> _Task directions_
Set the data down once more, exactly as it is written.

> _The data_
.....

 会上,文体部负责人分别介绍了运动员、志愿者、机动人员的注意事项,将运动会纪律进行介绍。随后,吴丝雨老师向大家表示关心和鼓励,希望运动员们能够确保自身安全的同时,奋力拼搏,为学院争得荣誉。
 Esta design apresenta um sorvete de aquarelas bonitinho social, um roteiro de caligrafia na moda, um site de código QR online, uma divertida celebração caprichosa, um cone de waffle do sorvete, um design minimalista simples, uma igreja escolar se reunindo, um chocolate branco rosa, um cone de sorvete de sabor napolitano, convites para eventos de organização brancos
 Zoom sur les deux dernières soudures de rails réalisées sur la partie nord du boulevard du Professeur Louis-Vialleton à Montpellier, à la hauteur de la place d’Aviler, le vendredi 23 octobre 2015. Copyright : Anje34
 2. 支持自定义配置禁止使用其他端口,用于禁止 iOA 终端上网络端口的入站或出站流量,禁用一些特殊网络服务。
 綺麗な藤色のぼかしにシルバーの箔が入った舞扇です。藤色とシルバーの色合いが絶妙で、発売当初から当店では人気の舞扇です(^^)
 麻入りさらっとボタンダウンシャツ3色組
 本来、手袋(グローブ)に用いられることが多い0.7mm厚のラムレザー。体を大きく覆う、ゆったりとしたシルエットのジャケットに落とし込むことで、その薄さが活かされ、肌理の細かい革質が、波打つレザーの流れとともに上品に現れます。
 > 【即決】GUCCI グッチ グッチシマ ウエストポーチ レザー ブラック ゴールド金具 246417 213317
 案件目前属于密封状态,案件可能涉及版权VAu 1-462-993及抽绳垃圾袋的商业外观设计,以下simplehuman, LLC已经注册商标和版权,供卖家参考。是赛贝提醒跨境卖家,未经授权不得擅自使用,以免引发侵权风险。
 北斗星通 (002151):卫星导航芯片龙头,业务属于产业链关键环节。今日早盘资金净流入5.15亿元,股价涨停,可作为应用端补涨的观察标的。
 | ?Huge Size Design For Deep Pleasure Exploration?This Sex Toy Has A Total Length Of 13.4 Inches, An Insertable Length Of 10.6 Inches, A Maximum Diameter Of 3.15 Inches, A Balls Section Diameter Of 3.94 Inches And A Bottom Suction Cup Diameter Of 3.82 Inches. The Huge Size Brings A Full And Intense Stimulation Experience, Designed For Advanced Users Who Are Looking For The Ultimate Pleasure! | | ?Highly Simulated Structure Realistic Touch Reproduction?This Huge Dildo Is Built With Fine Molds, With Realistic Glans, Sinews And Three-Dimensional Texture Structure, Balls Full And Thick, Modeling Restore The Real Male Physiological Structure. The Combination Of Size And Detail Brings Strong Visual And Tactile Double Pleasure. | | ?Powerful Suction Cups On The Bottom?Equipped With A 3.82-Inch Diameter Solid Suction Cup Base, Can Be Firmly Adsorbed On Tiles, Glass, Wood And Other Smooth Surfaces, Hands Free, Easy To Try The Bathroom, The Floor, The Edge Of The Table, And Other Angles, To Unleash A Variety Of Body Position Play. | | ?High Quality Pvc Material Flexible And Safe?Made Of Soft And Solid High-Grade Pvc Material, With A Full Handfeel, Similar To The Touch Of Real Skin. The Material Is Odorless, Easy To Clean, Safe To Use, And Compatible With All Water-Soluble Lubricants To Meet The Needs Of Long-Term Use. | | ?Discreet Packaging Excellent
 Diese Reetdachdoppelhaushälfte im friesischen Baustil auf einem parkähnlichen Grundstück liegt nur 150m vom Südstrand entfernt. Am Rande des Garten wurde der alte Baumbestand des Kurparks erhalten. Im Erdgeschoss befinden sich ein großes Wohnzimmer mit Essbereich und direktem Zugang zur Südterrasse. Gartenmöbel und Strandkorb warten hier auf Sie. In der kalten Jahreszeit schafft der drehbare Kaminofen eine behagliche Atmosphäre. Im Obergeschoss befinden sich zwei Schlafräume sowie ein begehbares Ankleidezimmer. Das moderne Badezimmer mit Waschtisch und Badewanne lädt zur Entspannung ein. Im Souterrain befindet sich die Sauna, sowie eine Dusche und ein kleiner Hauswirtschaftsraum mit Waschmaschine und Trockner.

.....

> _Finished exercise_
 会上,文体部负责人分别介绍了运动员、志愿者、机动人员的注意事项,将运动会纪律进行介绍。随后,吴丝雨老师向大家表示关心和鼓励,希望运动员们能够确保自身安全的同时,奋力拼搏,为学院争得荣誉。
 Esta design apresenta um sorvete de aquarelas bonitinho social, um roteiro de caligrafia na moda, um site de código QR online, uma divertida celebração caprichosa, um cone de waffle do sorvete, um design minimalista simples, uma igreja escolar se reunindo, um chocolate branco rosa, um cone de sorvete de sabor napolitano, convites para eventos de organização brancos
 Zoom sur les deux dernières soudures de rails réalisées sur la partie nord du boulevard du Professeur Louis-Vialleton à Montpellier, à la hauteur de la place d’Aviler, le vendredi 23 octobre 2015. Copyright : Anje34
 2. 支持自定义配置禁止使用其他端口,用于禁止 iOA 终端上网络端口的入站或出站流量,禁用一些特殊网络服务。
 綺麗な藤色のぼかしにシルバーの箔が入った舞扇です。藤色とシルバーの色合いが絶妙で、発売当初から当店では人気の舞扇です(^^)
 麻入りさらっとボタンダウンシャツ3色組
 本来、手袋(グローブ)に用いられることが多い0.7mm厚のラムレザー。体を大きく覆う、ゆったりとしたシルエットのジャケットに落とし込むことで、その薄さが活かされ、肌理の細かい革質が、波打つレザーの流れとともに上品に現れます。
 > 【即決】GUCCI グッチ グッチシマ ウエストポーチ レザー ブラック ゴールド金具 246417 213317
 案件目前属于密封状态,案件可能涉及版权VAu 1-462-993及抽绳垃圾袋的商业外观设计,以下simplehuman, LLC已经注册商标和版权,供卖家参考。是赛贝提醒跨境卖家,未经授权不得擅自使用,以免引发侵权风险。
 北斗星通 (002151):卫星导航芯片龙头,业务属于产业链关键环节。今日早盘资金净流入5.15亿元,股价涨停,可作为应用端补涨的观察标的。
 | ?Huge Size Design For Deep Pleasure Exploration?This Sex Toy Has A Total Length Of 13.4 Inches, An Insertable Length Of 10.6 Inches, A Maximum Diameter Of 3.15 Inches, A Balls Section Diameter Of 3.94 Inches And A Bottom Suction Cup Diameter Of 3.82 Inches. The Huge Size Brings A Full And Intense Stimulation Experience, Designed For Advanced Users Who Are Looking For The Ultimate Pleasure! | | ?Highly Simulated Structure Realistic Touch Reproduction?This Huge Dildo Is Built With Fine Molds, With Realistic Glans, Sinews And Three-Dimensional Texture Structure, Balls Full And Thick, Modeling Restore The Real Male Physiological Structure. The Combination Of Size And Detail Brings Strong Visual And Tactile Double Pleasure. | | ?Powerful Suction Cups On The Bottom?Equipped With A 3.82-Inch Diameter Solid Suction Cup Base, Can Be Firmly Adsorbed On Tiles, Glass, Wood And Other Smooth Surfaces, Hands Free, Easy To Try The Bathroom, The Floor, The Edge Of The Table, And Other Angles, To Unleash A Variety Of Body Position Play. | | ?High Quality Pvc Material Flexible And Safe?Made Of Soft And Solid High-Grade Pvc Material, With A Full Handfeel, Similar To The Touch Of Real Skin. The Material Is Odorless, Easy To Clean, Safe To Use, And Compatible With All Water-Soluble Lubricants To Meet The Needs Of Long-Term Use. | | ?Discreet Packaging Excellent
 Diese Reetdachdoppelhaushälfte im friesischen Baustil auf einem parkähnlichen Grundstück liegt nur 150m vom Südstrand entfernt. Am Rande des Garten wurde der alte Baumbestand des Kurparks erhalten. Im Erdgeschoss befinden sich ein großes Wohnzimmer mit Essbereich und direktem Zugang zur Südterrasse. Gartenmöbel und Strandkorb warten hier auf Sie. In der kalten Jahreszeit schafft der drehbare Kaminofen eine behagliche Atmosphäre. Im Obergeschoss befinden sich zwei Schlafräume sowie ein begehbares Ankleidezimmer. Das moderne Badezimmer mit Waschtisch und Badewanne lädt zur Entspannung ein. Im Souterrain befindet sich die Sauna, sowie eine Dusche und ein kleiner Hauswirtschaftsraum mit Waschmaschine und Trockner.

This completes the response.